Be careful here and don’t start off doing this procedure when teaching pronouns to kids with autism. You want to roleplay because every adult I’ve taught this procedure basically thinks you have it and then you sit down and you mess it up because it is not natural to be holding the pen and saying, “You do”, because you’re holding the pen. So if you’re interested in seeing a short clip as an example of how this would work, watch the video version of this blog (just scroll up and click the YouTube thumbnail).

After “I do and you do” is mastered, we usually move on to “my and your” not using items anymore, but body parts and clothing. Again, you’re going to have to prompt with what you want the child to say, and this often involves the need for role-playing with another adult to get you fluent at these procedures. So, you want to sit across from the child that you’re teaching and you want to sit close enough that you’re able to easily touch his arm or your own arm. And the thing you want to ask here is, “Whose arm or whose shirt?”, and you can do nose, you can do hair, and you want to prompt right away if this is a novel skill the child has not mastered. So, it might look like, “Whose arm? Your arm. Your arm. Whose arm? Your arm.”, and you go back and forth between the child’s body parts and clothing and your own body parts and clothing, and you teach this in small, short lessons. If you’re interested in seeing another short clip of “my and your and I do, you do” all mastered, watch the video version of this blog (just scroll up and click the YouTube thumbnail).

In summary, prevention of pronoun errors early on can be reduced by eliminating pronouns altogether when teaching pronouns to kids with autism.

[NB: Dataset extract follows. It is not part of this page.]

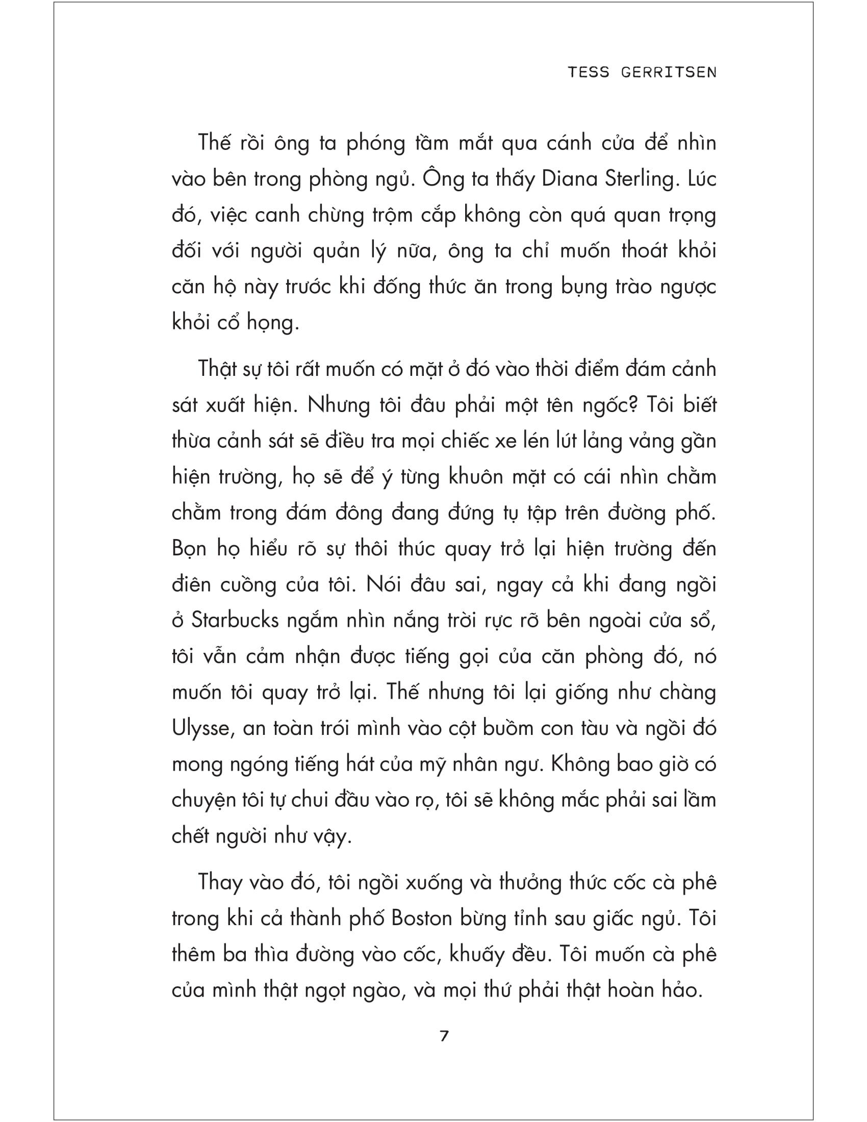 TESS GERRITSEN Là một bác sĩ chuyên nghiệp, Tess Gerritsen vốn mang trong m.ình tình yêu với những con chữ. Trong quá trình nghỉ thai sản, Tess đã viết truyện ngắn đầu tay của m.ình và giành giải nhất của một cuộc thi viết trên tạp chí Honolulu. Từ đó, bà quyết định theo đuổi đam mê viết lách.

So instead of, “Do you want a cookie?”, you might say, “Want cookie?” or just, “Cookie cookie.” For intermediate learners who need to be taught pronouns systematically, I have found that teaching “I do, you do” and then “my and your” is often the most effective way for learners to pick these skills up. However, intermediate learners who are at the VB-Mapp Levels 2-3 are extremely tricky to program for and teaching pronouns is just one very small slice of a comprehensive program that needs to be created and followed by both teachers and parents.